Patricia Hodge: Prepared to Lead DRS

On June 30, the Florida A&M Board of Trustees announced a new leader at the Developmental Research School.

Patricia Hodge, former principal and director of the A.D. Henderson University School at Florida Atlantic University, assumed the DRS superintendent post on July 1. With her experience in educational leadership, Hodge believes she can pull the long-troubled lab school out of a rut.

Hodge replaced Interim Superintendent W.E. “Bill” Johnson, who also served as interim director of Florida State University School.

“I was really excited about coming to FAMU… just the thought of coming here working with the students and getting it (DRS) back on track,” said Hodge.

This isn’t Hodge’s first go-round at a school that has had trouble meeting state benchmarks. Her career in educational leadership began at as an assistant principal of a predominantly black school with little resources in Broward County. Hodge said she had a desire to understand why those low-income students were unsuccessful.

“Most of the time, it came down to finances. There weren’t any books in the home; there was no after-school support or any tutors to ensure that they understood any concepts they hadn’t grasped in school,” she said.

Hodge received her PhD., and specialist degree in Educational Leadership from Florida Atlantic University. With an ample amount of research under her belt, and an interest in educational law, Hodge is prepared to lead the state’s lone historically black lab school to prestige.

During her tenure at FAU lab schools from 2004-08, the school earned consecutive “A” grades, according to the Florida Department of Education, based on collective student scores on the Florida Comprehensive Assessment Test. But since then, the grading system has changed; some schools in the state saw their grades go down, while others moved up. Although DRS struggled to earn any grade above a “C,” since the grading rubric was implemented in 1999, Hodge said the changes will work in DRS’ favor.

“The standards have changed for the better. They’re (FL DOE) are not only looking at test scores, but rather focusing on the areas in which schools excel,” Hodge said.

According to Hodge, DRS has, for years, been successful in retaining and graduating its students, and also having a number of high school students participating in dual enrollment programs — just two of the new grading criteria emphasized in school accountability reports.

She hopes the dual enrollment program will explode in five years, by re-evaluating, and possibly re-implementing the academies program that once existed at DRS.

In the academies program, high school students took classes geared toward the subject they would either study in college, or pursue as a career after graduation. In the revamped academies program, students entering DRS high school will take a number of college-level courses, so by the time they enter college, they would have completed some of their prospective program requirements.

“I want to use the academies program as a vehicle for growing our dual enrollment programs. By the time our students are in 10th – or 11th-grade, they’ll start dual enrolling, and when they enter the doors of a college they can, maybe, graduate in two years,” said Hodge.

“If we offer those types of opportunities, I don’t care what color or creed a student is…if you tell their parent, ‘look, we’re shaving off two years of college tuition for you,’ I see that growing quickly for us.”

As for her other goals, Hodge is looking forward to strengthening ties with the surrounding community, the university, and New Beginnings, FAMU’s pre-school program.

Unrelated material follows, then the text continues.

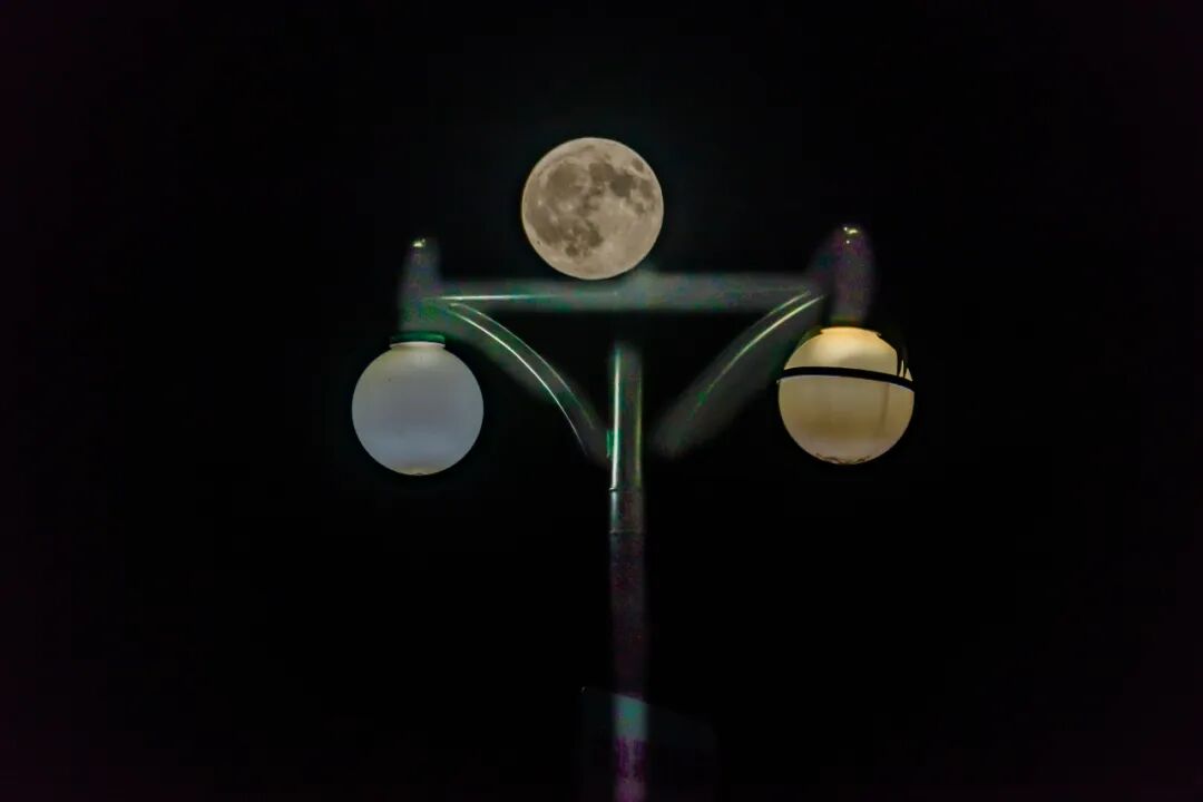 月与灯(多重曝光)。 张淑贵摄

“I really want to develop stronger ties with New Beginnings…if we work closely with the school, through volunteer work, and increasing our visibility among parents, we can foster a natural feeder school pattern,” said Hodge.

She also wants to get FAMU students involved with DRS students, demonstrating examples of what her students can become.

“I want to open our doors to students in the College of Pharmacy, and the School of Allied Health to come over and do programs with our kids. They need to know that there is more to the world than what they see on a daily basis,” Hodge said. “This school has an abundance of resources, and opportunities just lying on the ground, and we want our students to be able to pick them up, and make the most of them.”

Language arts teacher Joyce Plair-Johnson said the school is undergoing some drastic changes, all of which emphasize student achievement. “There are some definite differences in how the school was run previously, even small differences like class objectives being displayed on the white boards in the classroom for students, as well as anyone who may walk into our classrooms,” said Plair-Johnson, who is in her first year at the DRS high school. 

“We also are making learning useful to our students, utilizing real life application, and relating it to what they learn at school. Students are also being held more accountable for their choices, and being encouraged to make good choices. This has made for a well-behaved and more focused student body,” said Plair-Johnson.

Hodge not only commends her faculty, staff, and administrative support for a successful start to the school year, but also the outpouring of support from the surrounding community.

“I’ve had so many people knocking down my door trying to figure out how they can help. The university community really wants to see DRS succeed…it’s really incredible,” said Hodge.